The Met Office has given an update on when the mini-heatwave over the weekend is due to end.
Predictions from the forecaster said the UK could enjoy its hottest day of the year this weekend, with temperatures due to hit a balmy 18 to 20 degrees.
The summery stint is caused by a huge band of high pressure carrying with it a pocket of air from North Africa, keeping conditions appealing for those looking to shake off their winter layers for a day or two.
Met Office meteorologist Clare Nasir said: "Generally the weekend is looking fine and dry, much warmer with some sunshine.
"High pressure reaching across Denmark will allow for settled conditions to extend right across the UK, but some stronger winds on Saturday certainly.

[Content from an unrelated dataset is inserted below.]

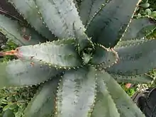 Especie de tallo único, con hojas dispuestas en roseta de entre 0,60 a 1 metro de alto y 30 cm (-100) de ancho. Las hojas son largas y bastante anchas en la base (unos 12 cm), de color verde, curvadas hacia el interior y de forma redondeada, aunque con la edad van abriéndose. Los márgenes están festoneados por espinas triangulares de color marrón rojizo. Una característica distintiva de la hoja es la presencia de numerosas espinas en la superficie externa.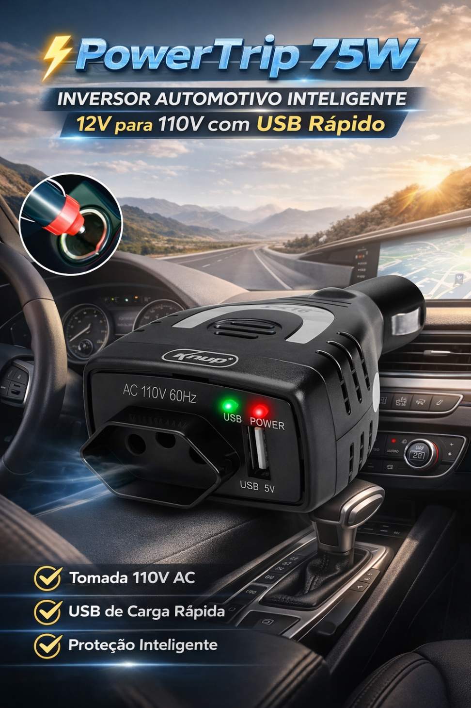 Com o PowerTrip 75W – Inversor Automotivo 12V 110V com USB Rápido, você nunca mais ficará sem energia no caminho.

“Gusts over the hills and moors as well as the mountains, but with a southerly wind it will feel very warm across some parts, particularly I would say the Moray Firth where we could see an 18C."
But enjoy the good times while they last, because before you know it the summer in spring will come to an end, with the British Isles set to return to slightly more seasonal weather.
The mini-heatwave is due to end on Sunday March 20, so lap up those rays while you have the chance.
The Met Office has published an overview of the weather expected over the weekend. It says: "Chance of rain, most likely in the east, from Sunday. Turning colder through Sunday."
To make things worse, when this little sunspot passes, it will be a while until we get another.
The Met Office long-range forecast from Tuesday says: “There is likely to be variable cloud cover, most extensive in the south with the chance of some patchy light rain.
"Temperatures likely to be around normal, after a cold start."
But don’t let this get you down - the weekend ahead looks fantastic, with temperatures well above the average.
While you sun yourself in the glory of 20-degree heat, remember that the average temperature for March is only 10C.
Describing Saturday’s weather, the Met Office added: “Fine, dry and bright with plenty of sunshine, but also windy, especially in the south and west. Feeling pleasantly warm in the sunshine out of the wind.”